While the world was quick to go crazy about the potential dangers of the Zika virus, only to have the hype fizzle out to nothing, a far more insidious danger has been quietly gaining momentum with virtually no fanfare. Over 212 million people are infected with malaria each year, with close to half a million infections resulting in death, particularly in young children. And while many believe that malaria is a controllable illness that can successfully be treated in most patients with Artemisinin Combination Therapies (ACTs), the reality is that the parasites that cause three of the five types of malaria have developed resistance to this treatment, and drug-resistant malaria is becoming widespread.
The World Health Organization (WHO) calls this problem “an urgent public health concern, threatening the sustainability of the ongoing global effort to reduce the burden of malaria.” Fortunately, a plant used in traditional Amazonian, Chinese and African medicine for centuries as a malaria cure has recently come under the spotlight in Western medicine, with amazing results.
A study led by Pamela Weathers, a professor of biology and biotechnology at the Worcester Polytechnic Institute (WPI), published in the journal Phytomedicine, describes how the Artemisia annua plant, commonly known as sweet wormwood or sweet annie, saved 18 patients with drug-resistant malaria from the brink of death.
The Congolese patients, who ranged in age from 14 months to 60 years, had all developed severe, untreatable malaria, with symptoms ranging from loss of consciousness, to trouble breathing and convulsions, among others. When they failed to respond to intravenous treatment with an ACT, compassionate doctors decided to try the dried leaves of the Artemisia annua plant as a last resort. After only five days of the treatment, all 18 patients were fully recovered, including one child who had been in a coma. Blood tests revealed that absolutely no parasites remained in their blood.
The study authors concluded, “Successful treatment of all 18 ACT-resistant cases suggests that DLA [dried-leaf Artemisia] should be rapidly incorporated into the antimalarial regimen for Africa and possibly wherever else ACT resistance has emerged.”

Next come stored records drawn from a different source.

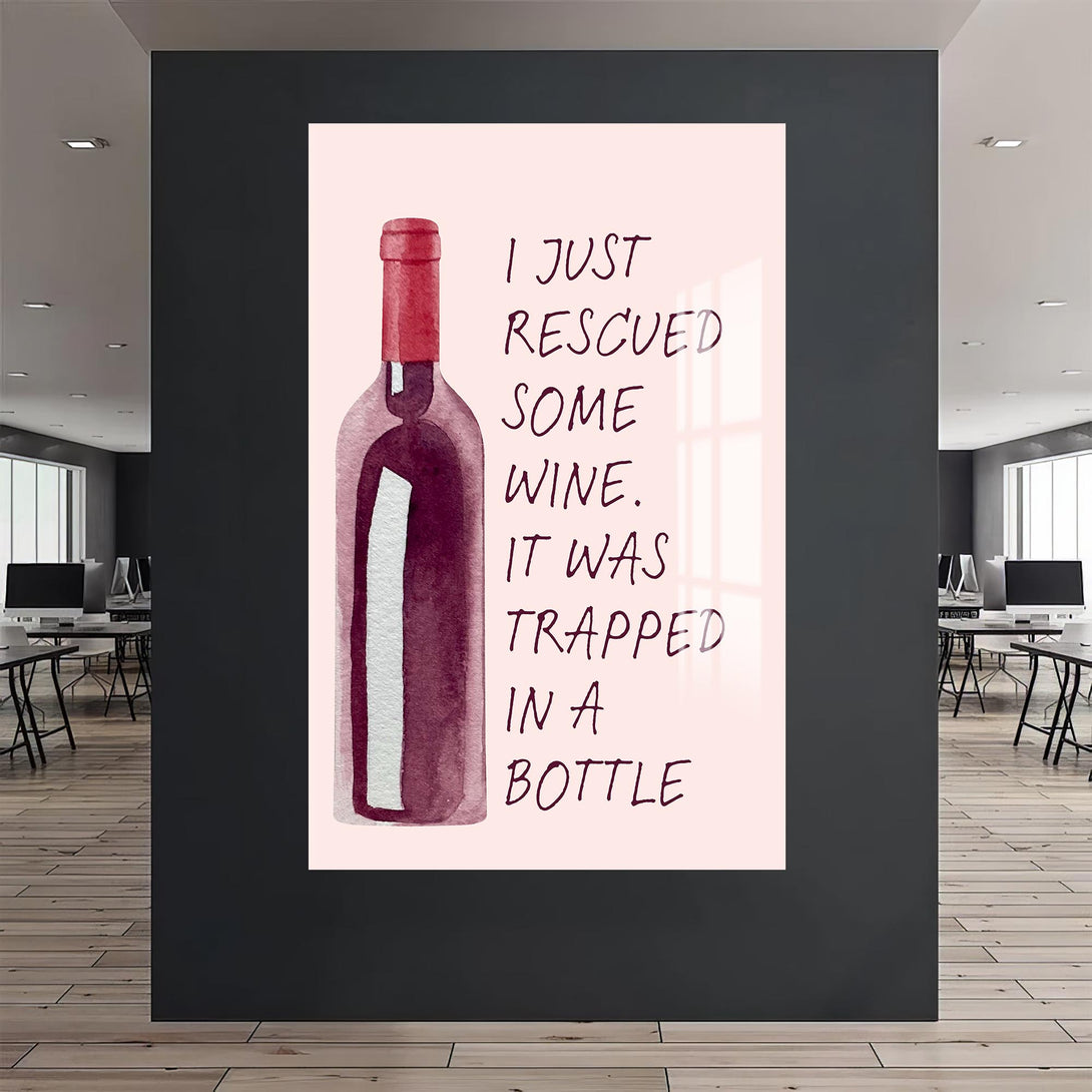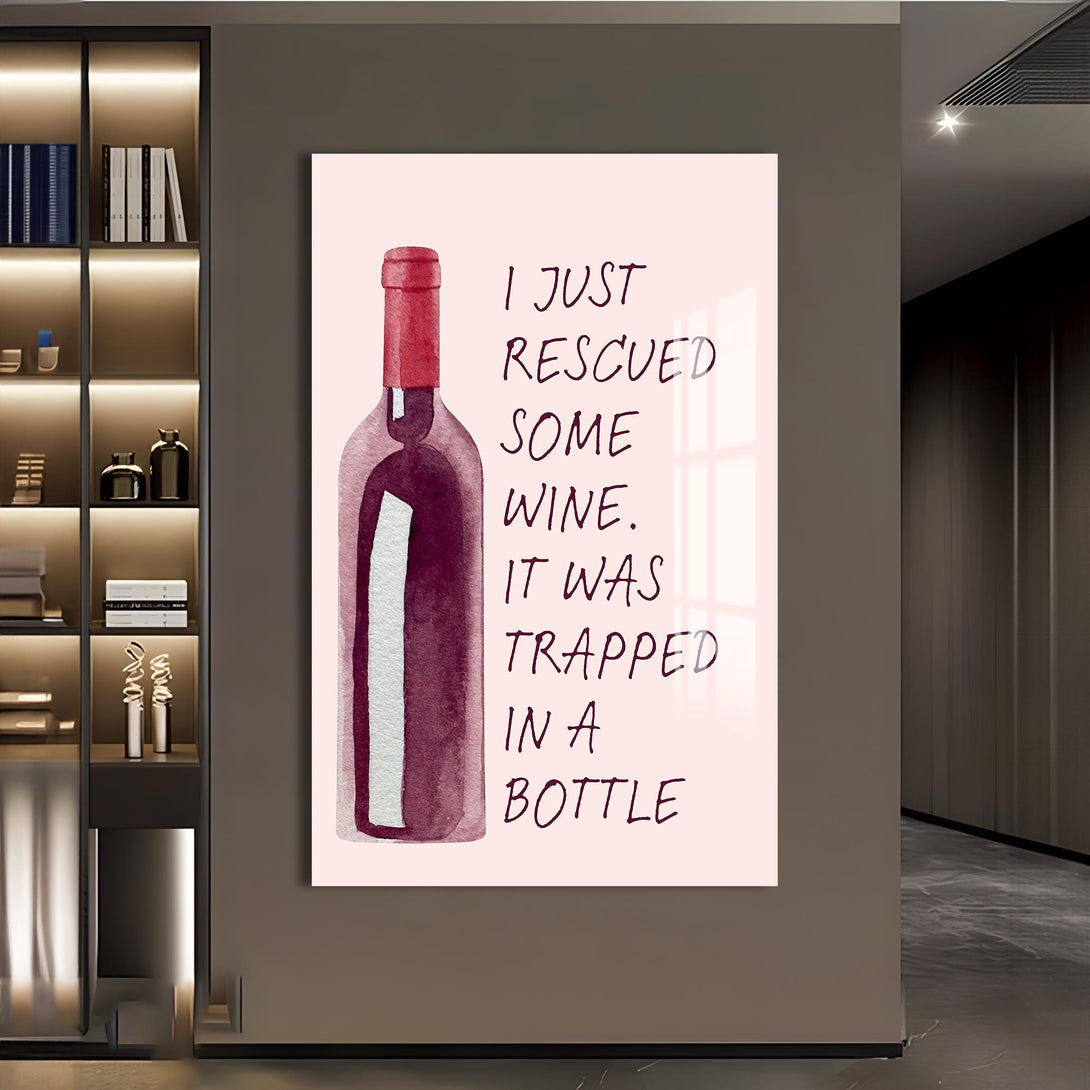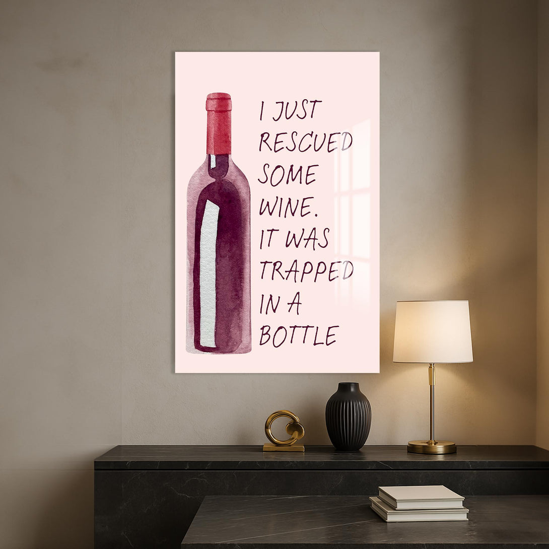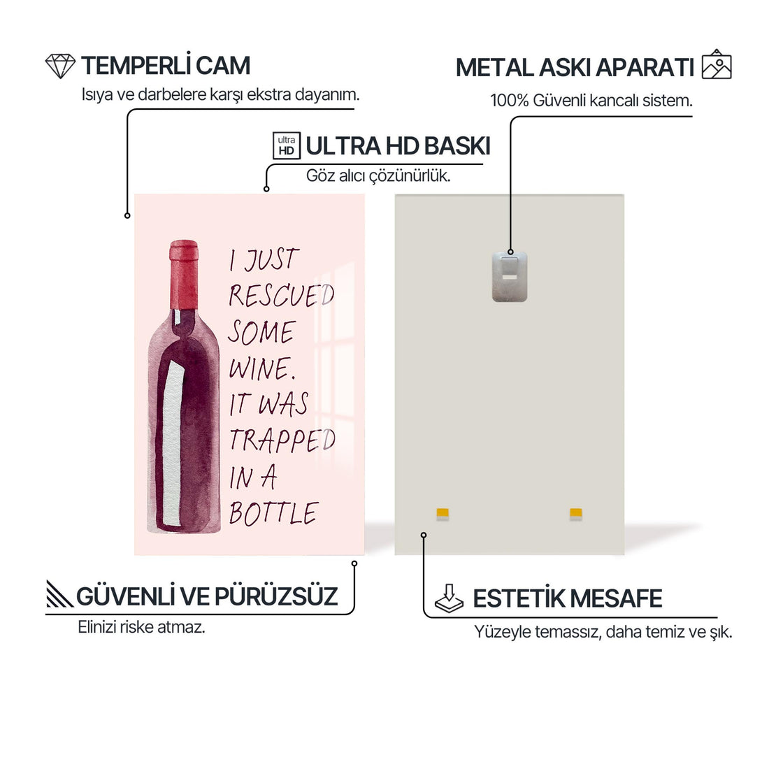 “Elimdeki şarabı kurtardım, bir şişeye hapsolmuştu” mesajıyla gülümseten bu cam tablo, sade tasarımıyla dikkat çeker. Alkollü içecekler temalı alanlarda eğlenceli bir odak noktası yaratır.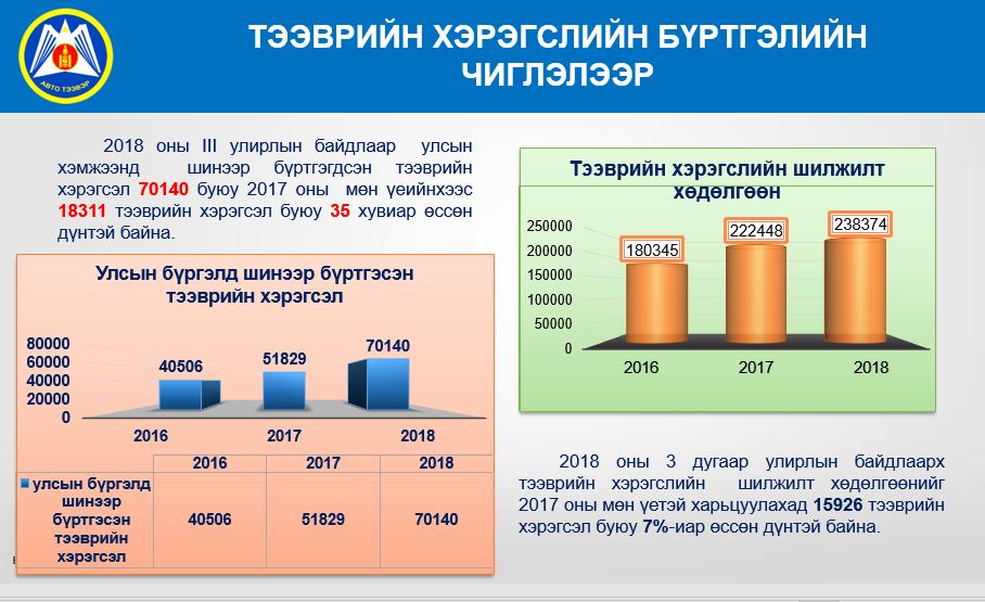 Улсын бүртгэлд бүртгэлтэй тээврийн хэрэгслийн статистик тоо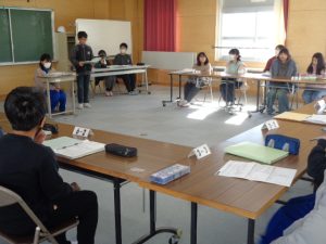 地区別に集まって,集団登校の振り返りをする地区別児童会の話し合いを行いました。
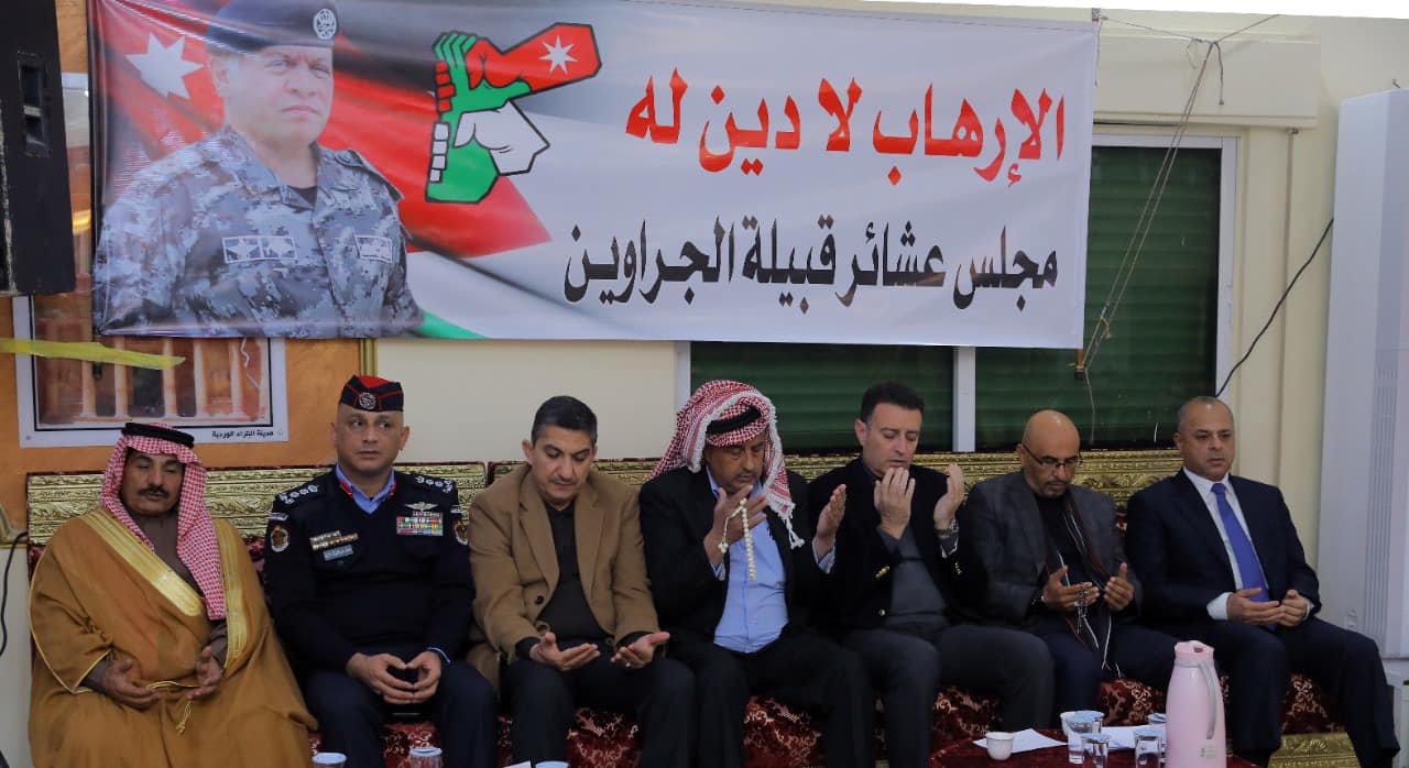 وكان رئيس مجلس عشائر قبيلة الجراوين الشيخ بسام ابو ركبة، والشيخ ماهر ابويحيى والمهندس محمد عودة ابو غليون، اكدوا في كلماتهم وقوف أبناء القبيلة صفا واحدا خلف جلالة الملك وجيشنا وأجهزتنا الأمنية.

While the results of this study are truly exciting and offer new hope for places like sub-Saharan Africa where malaria is rife, the study’s authors are claiming to have developed this as a new therapy for malaria, and that statement is disingenuous at best. As noted earlier, ancient healers from around the globe have been prescribing this plant as a malaria treatment for centuries. In reality, Western medicine has been incredibly slow to catch on.
And let’s face it: When it comes to natural plant medicines that can’t be patented and therefore cannot line the pockets of Big Pharma, Western medicine will pretty much exhaust every other option before it actually turns to such remedies as a last resort. In the meantime, of course, thousands and thousands of people die, suffer from debilitating symptoms or become addicted to pharmaceuticals with all their myriad side effects.
Marijuana is one glaringly obvious example of this. While scientific evidence continues to pile up proving the amazing healing powers of marijuana, the federal government refuses to soften its stance against it in any way. The government continues to classify it as a Schedule I substance, along with heroin, LSD and Ecstasy, claiming it has “no currently accepted medical use in the United States, a lack of accepted safety for use under medical supervision, and a high potential for abuse.” This, in spite of the fact that no human ever, anywhere, has died of a marijuana overdose, while thousands overdose and die on “legal” prescription medications like opioids each year.
If anything, the WPI study reinforces once again that when it comes to healing, nature knows best. We do not need man-made chemical medicines with all their side-effects, which bugs eventually build resistance to anyway. All we need to do is look at what we have been given naturally to find the cure to most illnesses.